Movie Review: ‘Roommate’ a poor knock-off of ‘Single White Female’Movie Review Saturday, February 12th, 2011
Directed by Christian E. Christiansen Written by Sonny Mallh Starring Leighton Meester, Minka Kelly and Cam Gigandet Rated PG-13 At most multiplexes
When I saw the first TV ads for The Roommate, I may have squealed, “Oh. My. God! It’s Single White Female with Leighton Meester!” In the back of my head, I knew that there were a number of factors that meant The Roommate wouldn’t be nearly as good, mostly having to do with Leighton Meester not being Jennifer Jason Leigh, Minka Kelly not being Bridget Fonda and whoever was directing the movie wasn’t going to be the great Barbet Schroeder. But who needs good when you can have camp, right?
Single White Female was a great thriller. Nerve-wracking, violent and disturbing, with Leigh’s intense, furious acting anchoring the film in a certain kind of psychological realism. But replacing Leigh with Leighton Meester, who is hilarious on Gossip Girl and delivers one-liners and insults better than anyone on Desperate Housewives, meant that the producers weren’t going for realism, or for quality. Nope, I thought, they had to be going for ridiculous.
Alas. The only thing ridiculous about The Roommate is how boring it is.
Technically, or maybe legally, The Roommate is not a remake of Single White Female; neither the latter’s screenwriter (Don Roos) nor the writer of the novel he adapted (John Lutz) are credited. But clearly Sonny Mallh, the credited writer of The Roommate, was more than a little inspired by the older film. The only major difference is that The Roommate is about college students and dorm life in Los Angeles and not young professionals living in a loft apartment in New York City.
Fresh from Iowa and from breaking up with her high school boyfriend, Sara (Minka Kelly from Friday Night Lights in the Bridget Fonda role) is the first to move into her room. Shortly after, Rebecca (Meester) arrives, and within ten minutes, we know she is a little odd. She’s secretive, alludes to family problems, and she quickly becomes possessive and over-protective of Sara, making no secret of her dislike for anyone who wants to be friends with Sara. Rebecca brutally beats one girl who she thinks is a “bad influence.”
As Sara grows closer to her new boyfriend Stephen (Cam Gigandet, surprisingly and unfortunately not shirtless) and distances herself from an increasingly weird roommate, Rebecca starts taking more and more drastic measures to keep Sara close. In Single White Female, there’s a dead puppy, a gay neighbor, a colleague who sexually assaults Fonda and the death of Leigh’s sister at age nine.
In The Roommate, there’s a dead kitten, a lesbian friend, a teacher who sexually harasses Sara and the death of Sara’s sister at age nine. An Exacto knife replaces a screw driver.
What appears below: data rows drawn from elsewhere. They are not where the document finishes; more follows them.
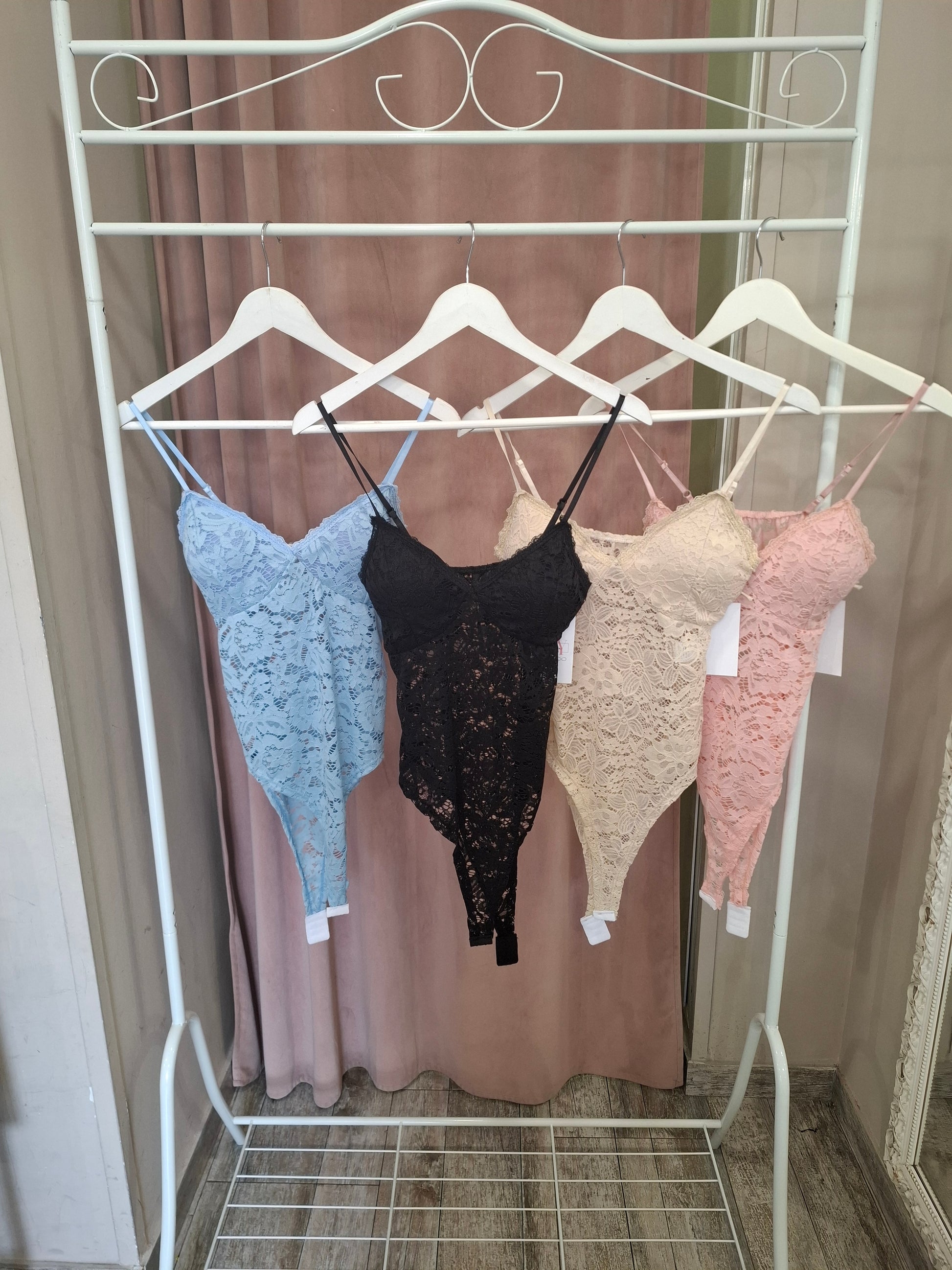 Un tocco di sensualità ed eleganza per ogni occasione! Questo body in pizzo è caratterizzato da un raffinato motivo floreale, scollo a cuore e spalline sottili regolabili. Perfetto da indossare sotto una giacca per un look sofisticato o da solo per un outfit più audace.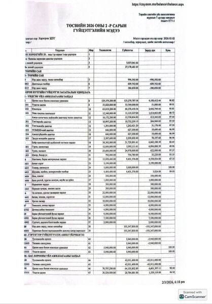 Төсвийн төлөвлөгөө, гүйцэтгэлийн харьцуулалт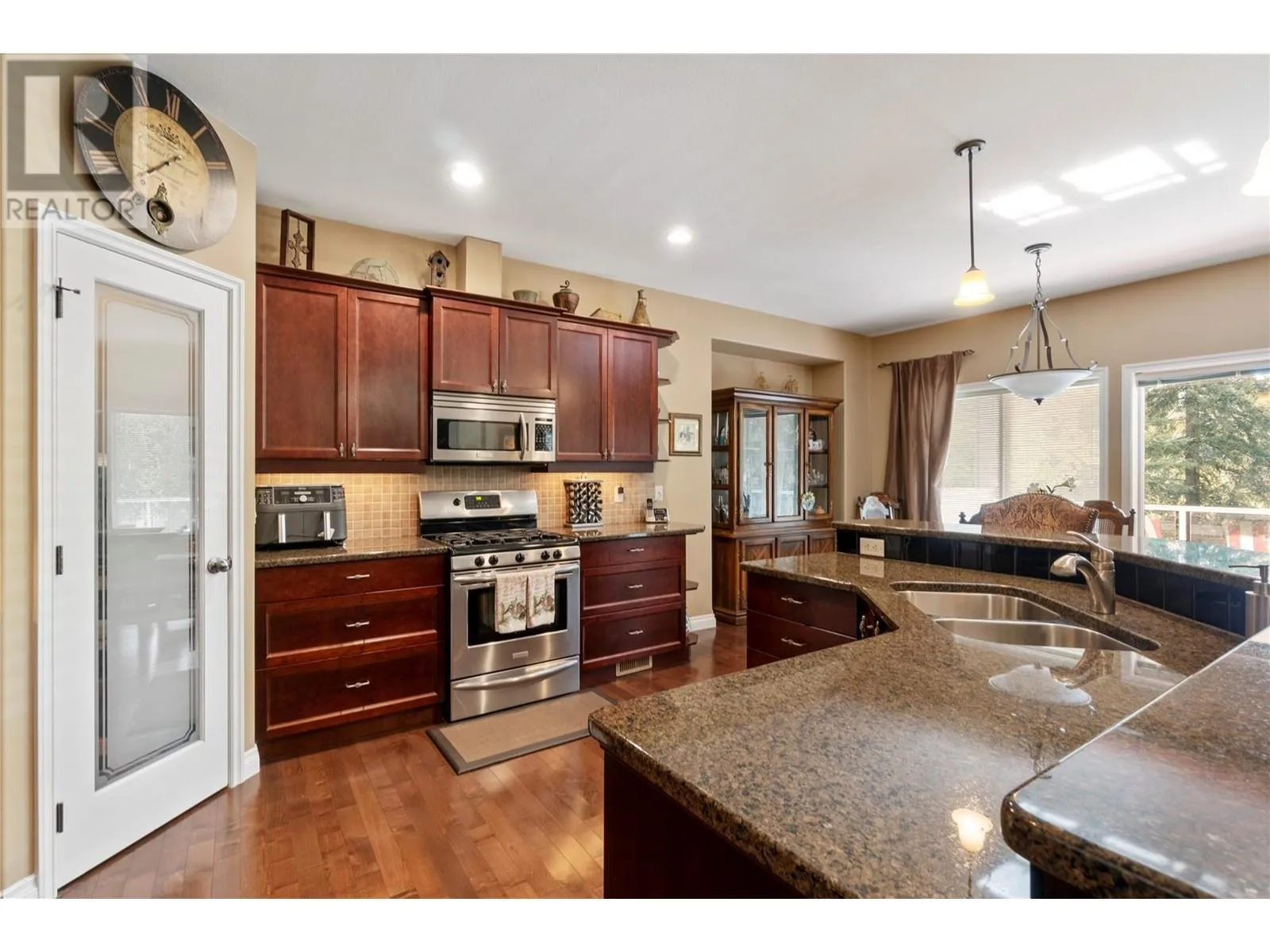 STYLISH COMFORT IN A PARKLIKE SETTING....This beautifully designed 3-bedroom plus den rancher with a fully finished basement offers the ideal blend of comfort, functionality, and style. Step into an inviting open-concept living, dining, and kitchen area that flows seamlessly onto a spacious covered deckâperfect for entertaining or relaxing while taking in the lush, private, parklike backyard. The thoughtfully laid-out kitchen features an island with an eating bar, granite countertops, a walk-in pantry, and stainless steel appliancesâincluding a gas stoveâfor the chef in the family. The dining area includes a charming alcove for your hutch or buffet, while the living room is enhanced by vaulted ceilings and a warm gas fireplace, creating a welcoming atmosphere year-round. The spacious primary bedroom, complete with a walk-in closet and a beautifully appointed ensuiteâis perfect for unwinding at the end of the day. The main floor also includes a bright office, a convenient powder room, and a laundry room with a built-in sink for added functionality. Car enthusiasts and truck owners will appreciate the impressive 30-foot-wide garage, offering both 21- and 24-foot-deep baysâideal for oversized vehicles or extra storage. Outside, the meticulously manicured yard with U/G sprinklers reflects the pride of ownership that truly sets this home apart. Close to Shuswap Lake Golf Course and the beach, this location is ideal for enjoying everything our four-season playground has to offer.â (id:27476)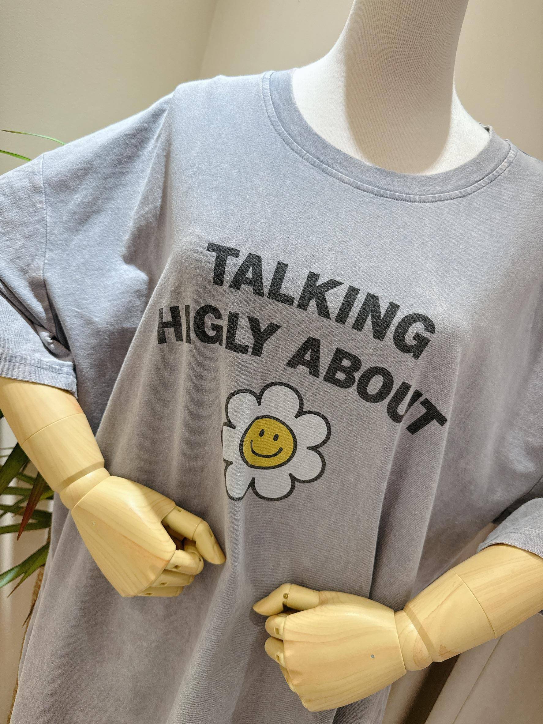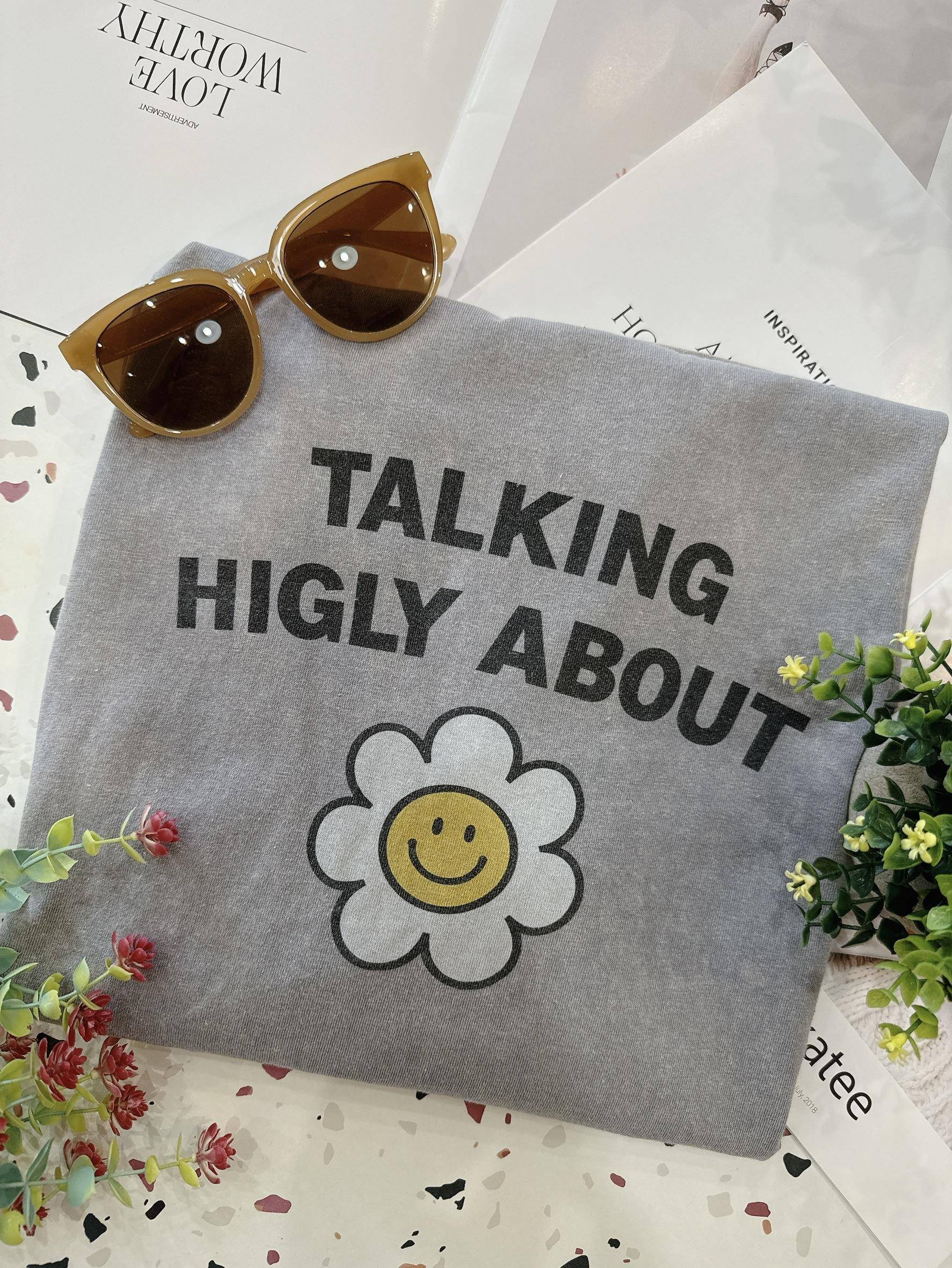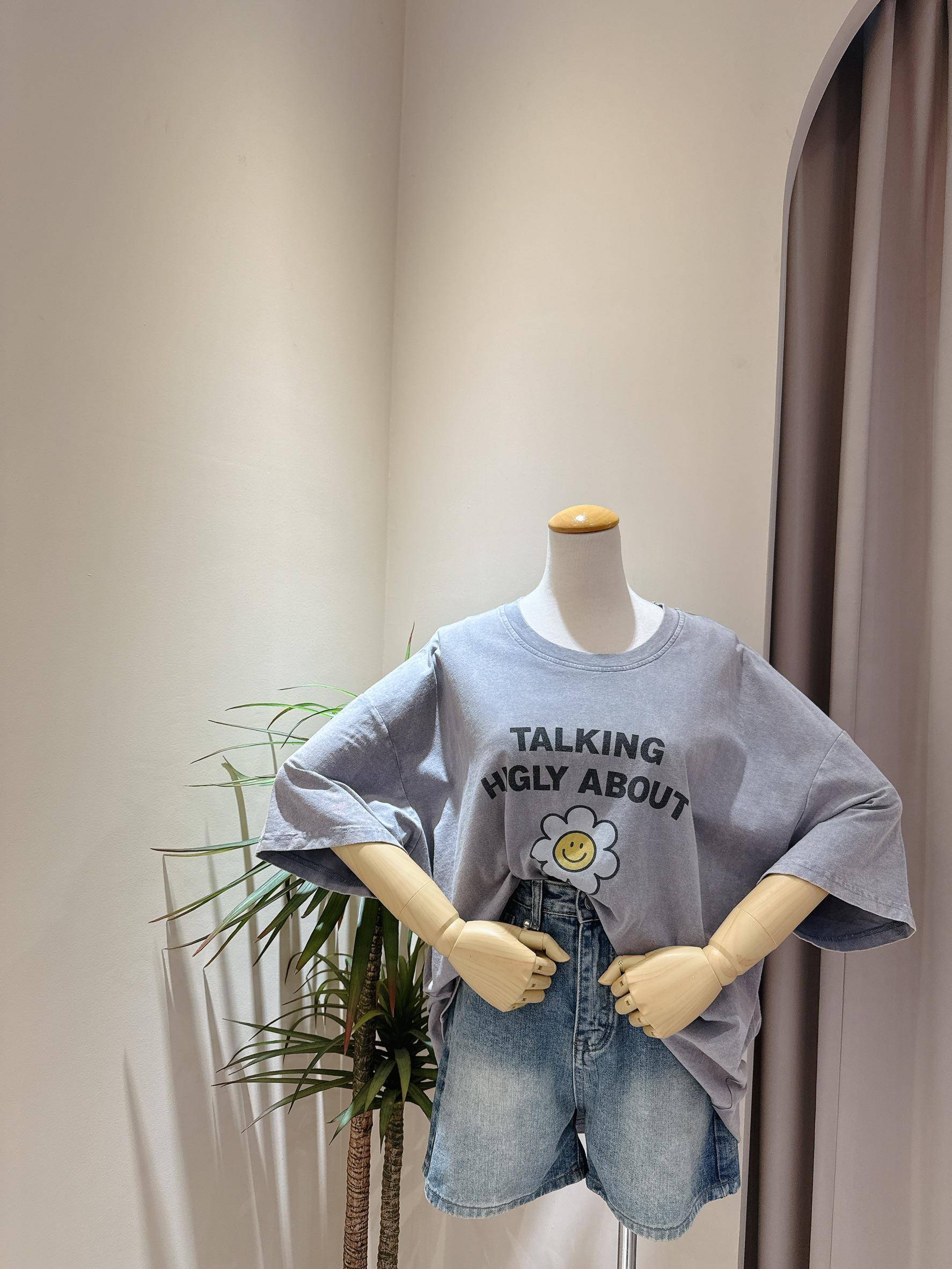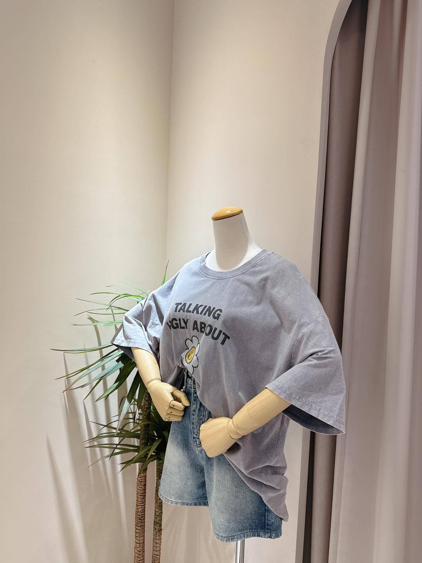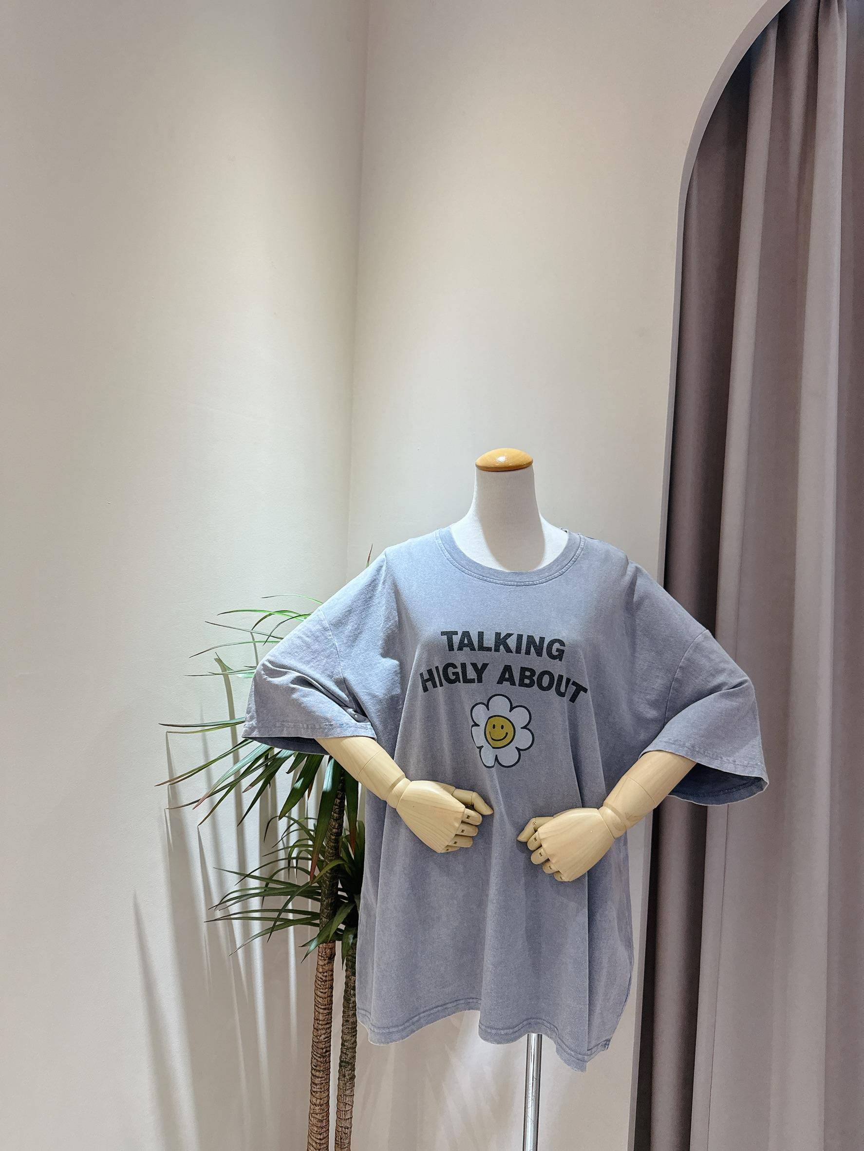 微笑小花刷舊造型寬鬆大T

Rebecca wears Sara’s jaunty fedora as a disguise, just as Leigh cut her hair to look like Fonda. But that bowl haircut became iconic in the early 90s while the hat from The Roommate just feels like a prop.
Reading the above paragraph, it might sound like The Roommate is a smart update. But the problem is not the source material, it’s in the direction and the choices the director made in order to assure a PG-13 rating.
If your star is known from Gossip Girl, your viewers are going to be teenagers who don’t want to be accompanied by a parent or guardian. That means that the sex and violence that gave Single White Female its tension and shock can’t be shown in The Roommate. This is a problem when the plot of the film hinges on sex and violence.
You don’t have to be Alfred Hitchcock to thrill without blood and nudity. Disturbia, D.J. Caruso’s 2007 teen re-envisioning of Hitchcock’s Rear Window, was updated, suspenseful, thrilling and fun. But The Roommate’s director, Christian Christiansen, created no tension with either his camera work or with his actors, who, while not about to win any Oscars (or even Teen Choice Awards), have all been much better in other things.
Christiansen managed to get my heart racing only once, and it was with a shower scene. And I think I was just nostalgic for Psycho.